Switch to the airflow user, and copy the authorized keys file to the airflow users home.

su - airflow
mkdir .ssh
touch .ssh/authorized_keys
chmod 700 .ssh
chmod 644 .ssh/authorized_keys

Set the necessary environment variables

echo ". /opt/anaconda3/etc/profile.d/conda.sh" >> ~/.bashrc

If Anaconda is not installed, install it to the path above. Create a new python environment for the project from within the project root folder (you may use conda/venv or anything that suits):

python -m venv .venv

Creating Postgres Backend

Set up a Postgres RDS server using AWS (web interface). Install psql on the Airflow instance if not already done so. Create a user on the

psql \
  --host=<hostname>
  --port=5432
  --username=postgres
  --password

Once in the postgres shell, create the airflow user (use an alphanumeric password only):

postgres=# CREATE USER airflow PASSWORD ‘<password>’;
CREATE ROLE
postgres=# CREATE DATABASE airflow;
CREATE DATABASE
postgres=# GRANT ALL PRIVILEGES ON ALL TABLES IN SCHEMA public TO airflow;
GRANT

Create the project area

As the airflow user, create a directory and then deploy the code.
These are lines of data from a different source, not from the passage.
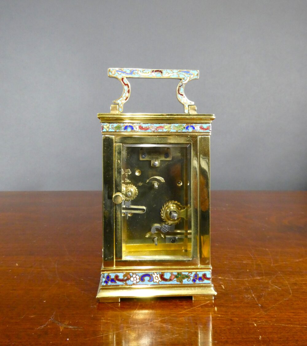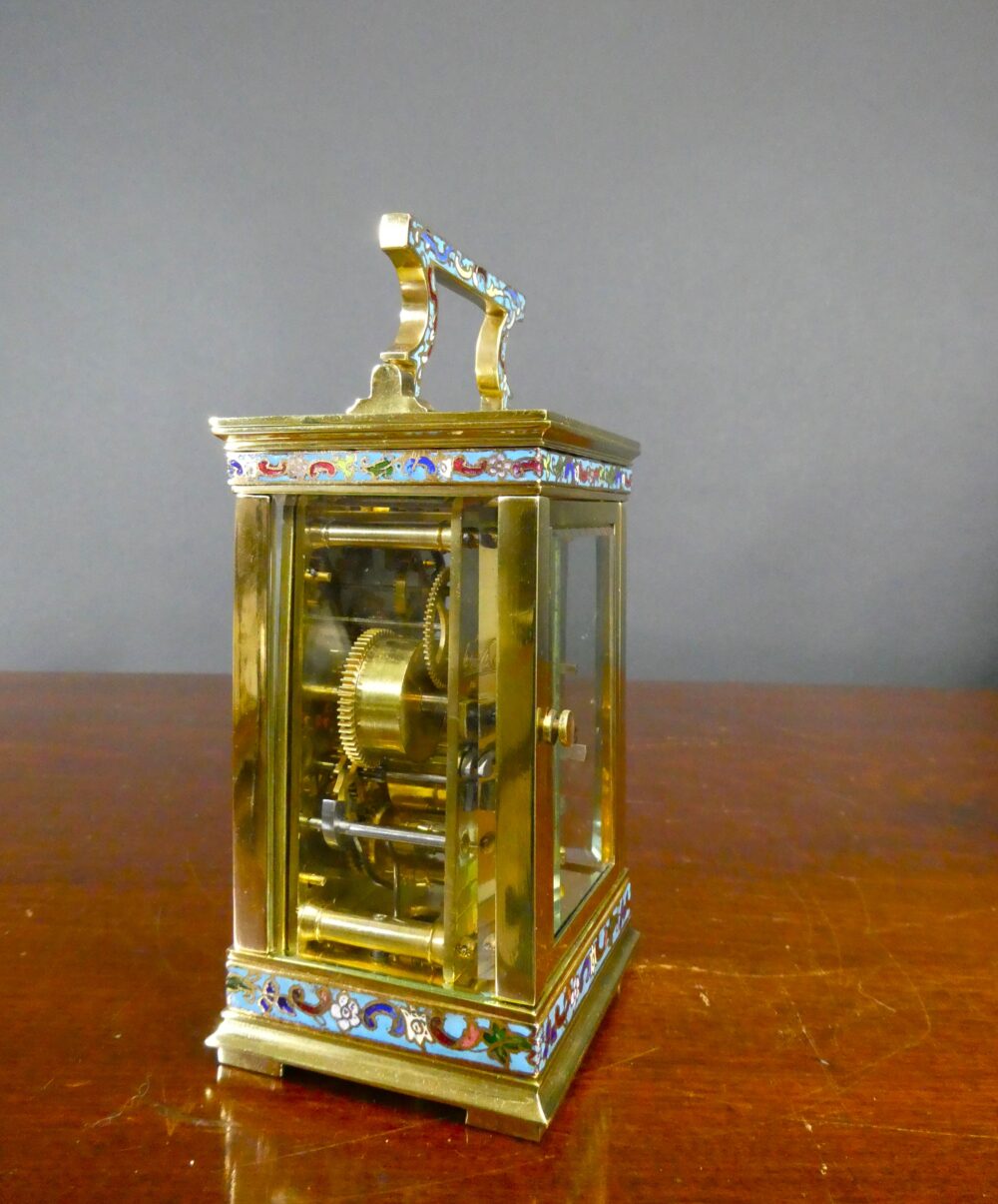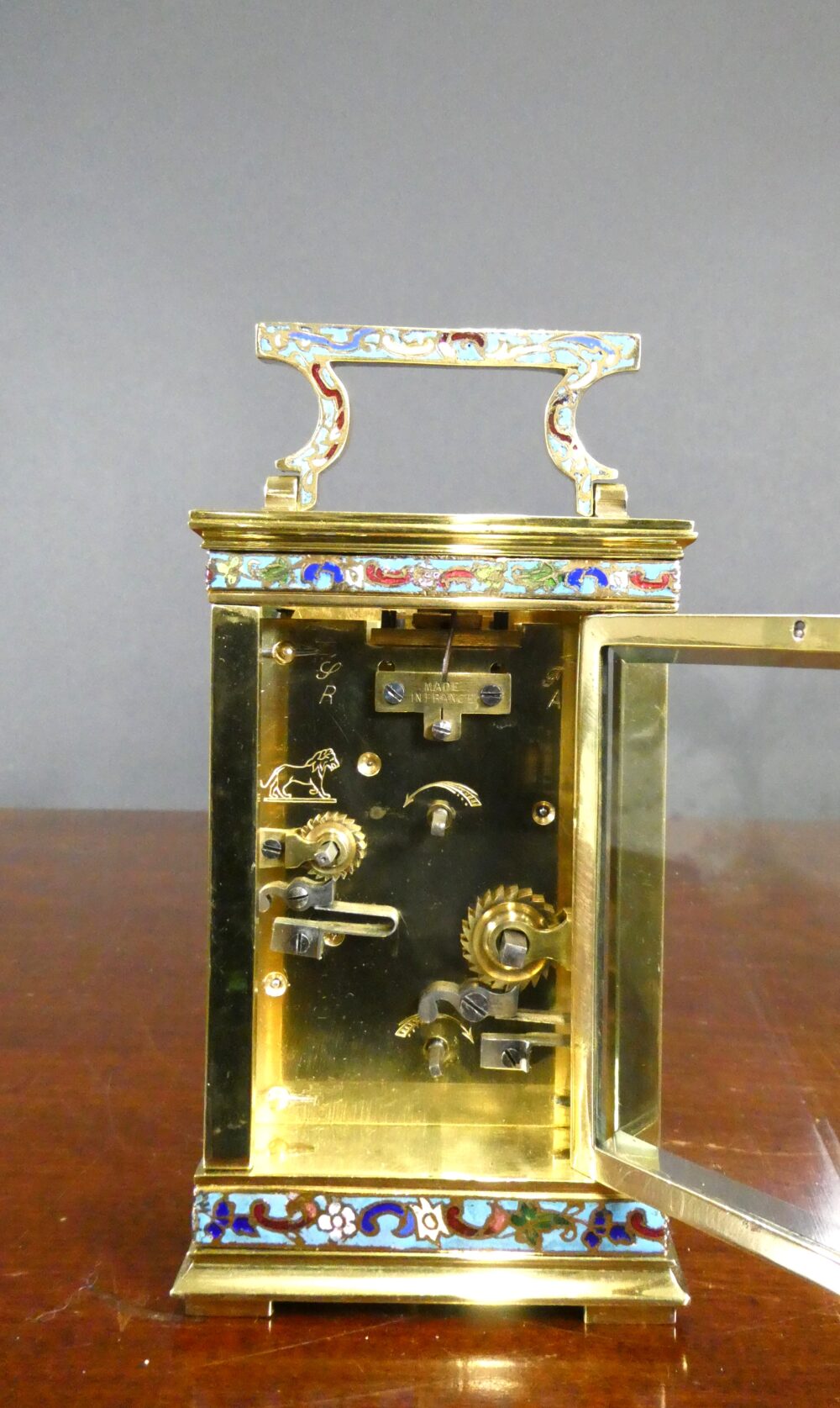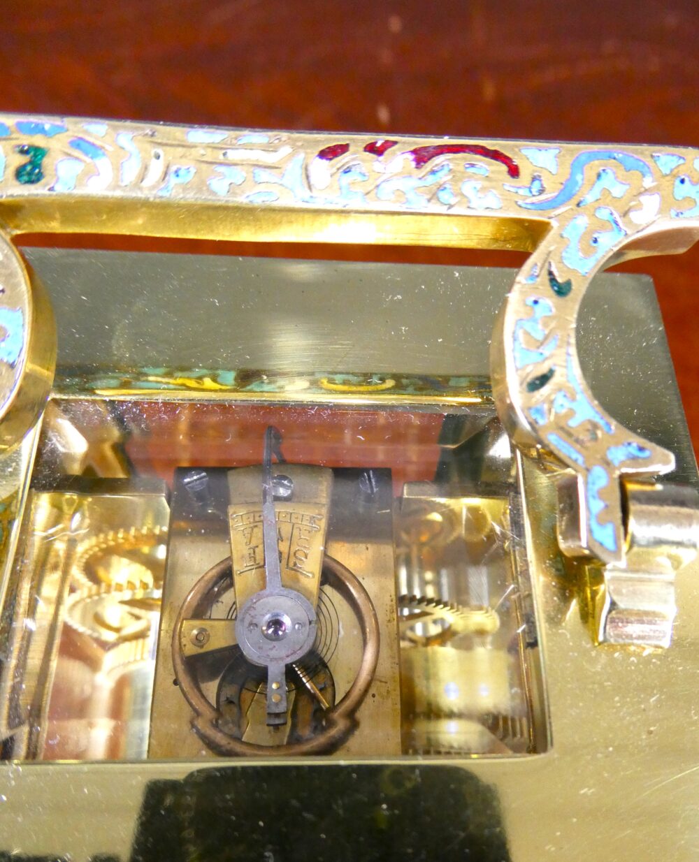 Victorian brass cased carriage clock with champleve decoration to the front, sides, rear of the case and carrying handle with bevelled glasses throughout.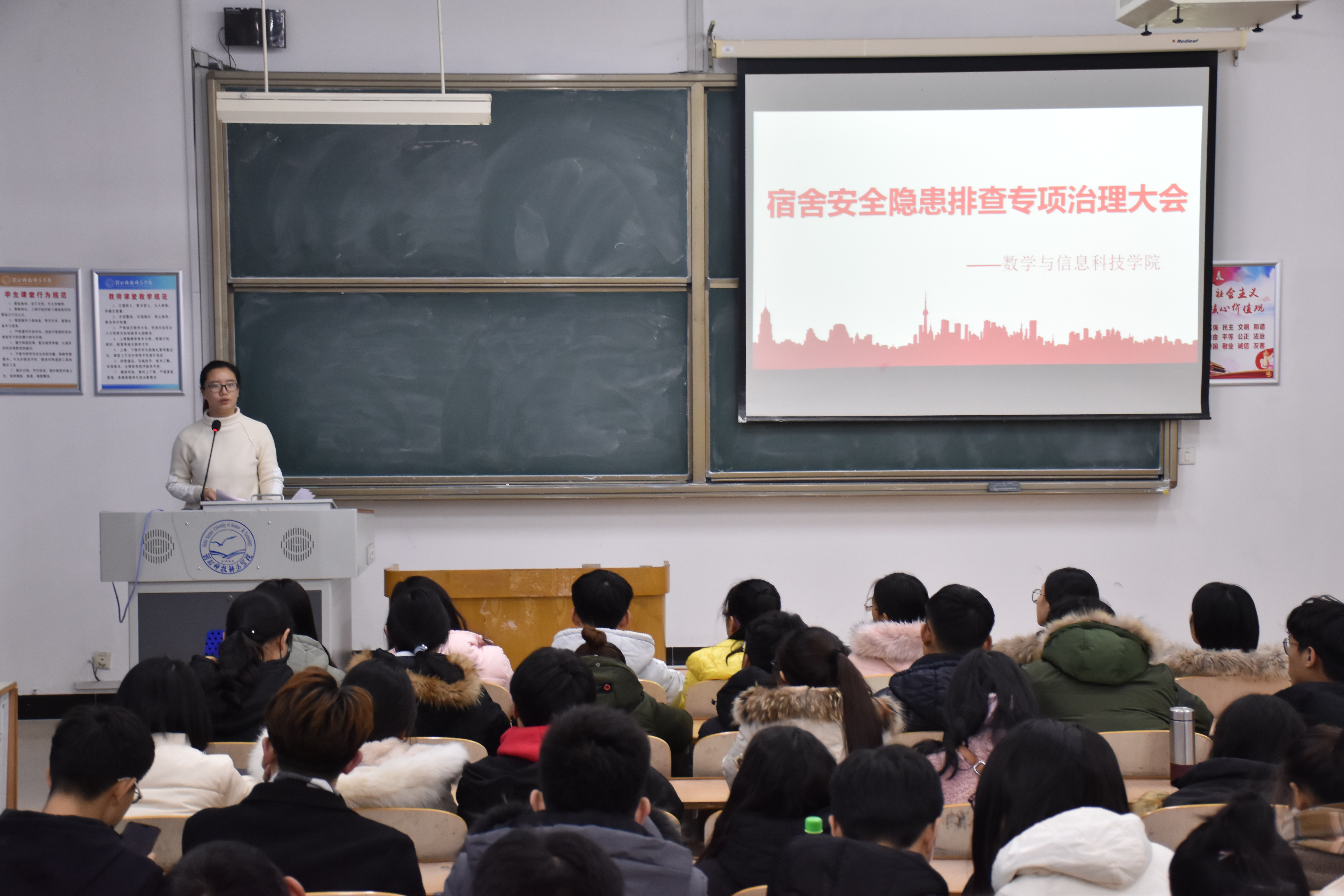 按照学校党委行政安排部署,贯彻落实上级加强校园安全严格管控相关规定要求,严防安全事故发生,保障每位学生人身财产安全,保障学校正常安稳的教学生活秩序,2018年12月7日晚七点,yL23411永利集团在逸夫楼A109召开了宿舍安全隐患排查专项治理大会,依法依规进一步加强学生宿舍安全管理。数信学院学工办相关老师、各班级生活委员参加了此次会议。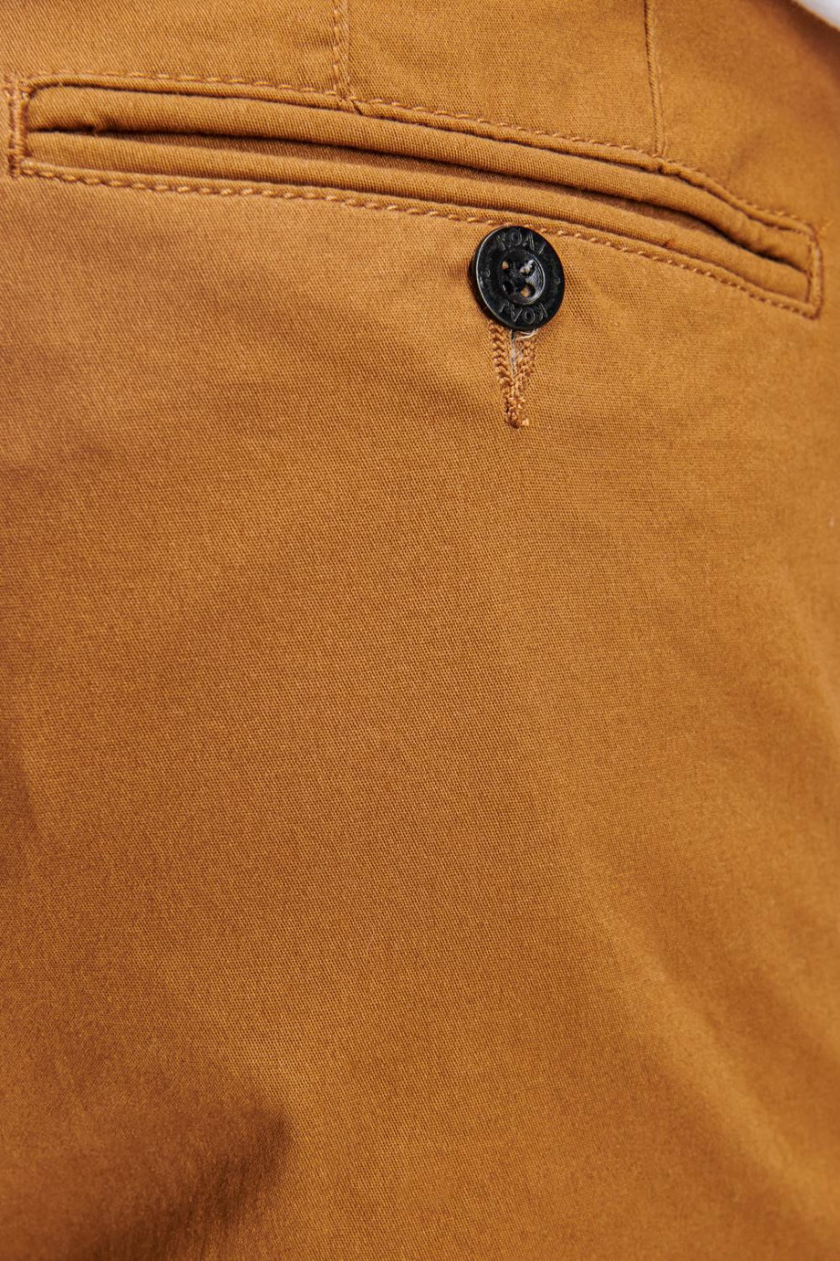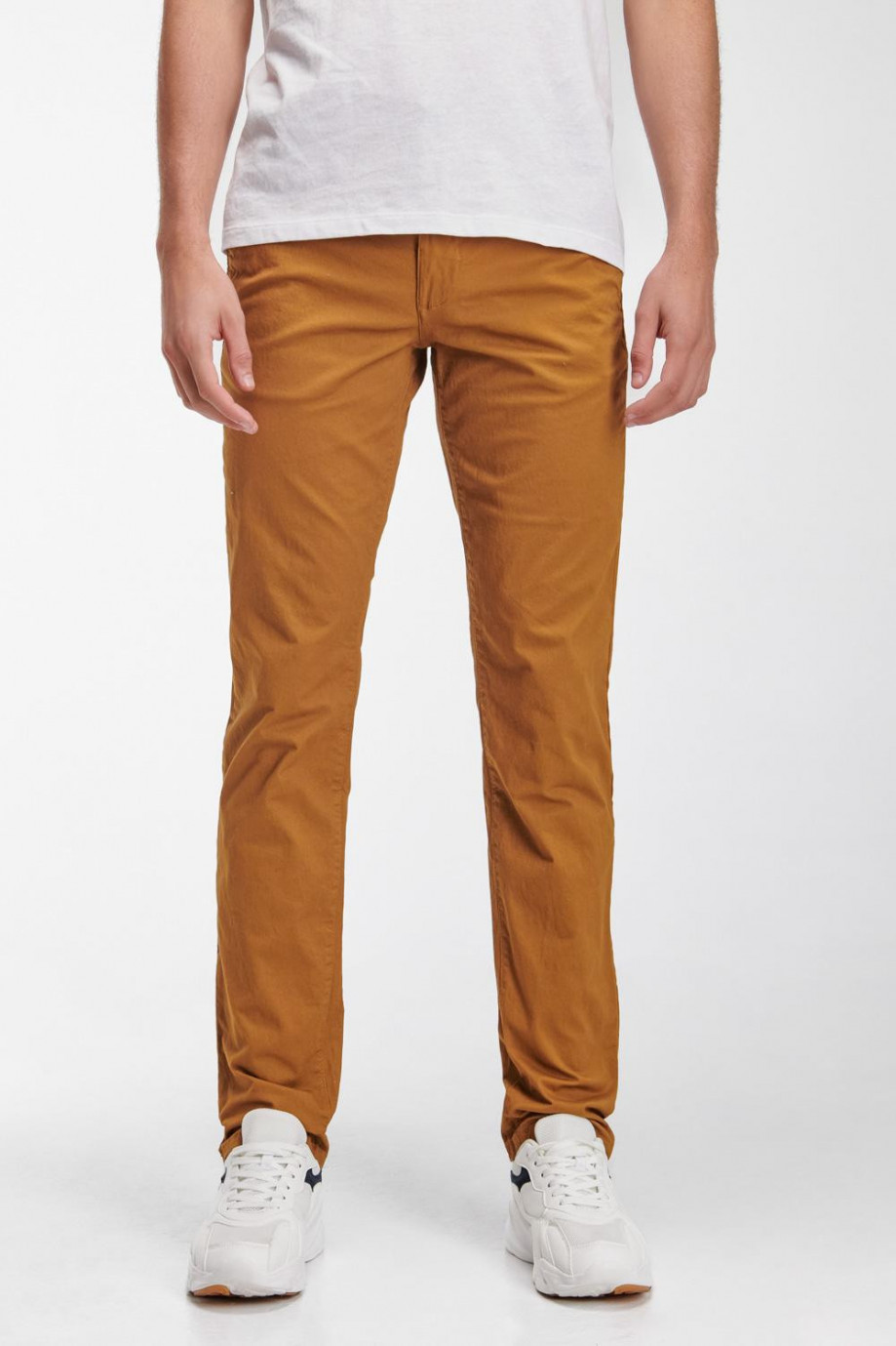 Pantalon para hombre, en tela de cuerpo unicolor, con tiro medio, bolsillos verticales, y slim fit.

mkdir -p ~/Github/AirflowSpark

Deploy the code to the airflow instance using the shell script from your local machine.

sh scripts/deploy_code.sh . airflow /home/airflow/Github/AirflowSpark

On the airflow ec2 instance, install the airflow requirements to the AirflowSpark python environment:

python -m pip install -r requirements.txt

Export the AirflowSpark directory to the PYTHONPATH sys var:

export PYTHONPATH=/home/airflow/Github/AirflowSpark/

Initialise the airflow database once, edit the configuration, and then reinitialise:

export AIRFLOW_HOME=/home/airflow/.airflow
airflow initdb
vi ~/.airflow/airflow.cfg
airflow initdb

Finally, start the server and scheduler:

airflow webserver -p <PORT>
airflow scheduler

Local

While it should be possible to run Airflow locally repeating many of the instructions above, this has not been tested in some time.

Todo list

  • Integrate other cloud envrionments (Azure, GCP) via Airflow helpers and python scripts equivalent to boto3.
  • Better logging:
    • currently Airflow just polls the Spark master for the status of the job and not the stdout/stderr.
    • Spark status logs are duplicated ~10 times per poll
    • A custom logger should be used for each python log call, to integrate better with Airflow.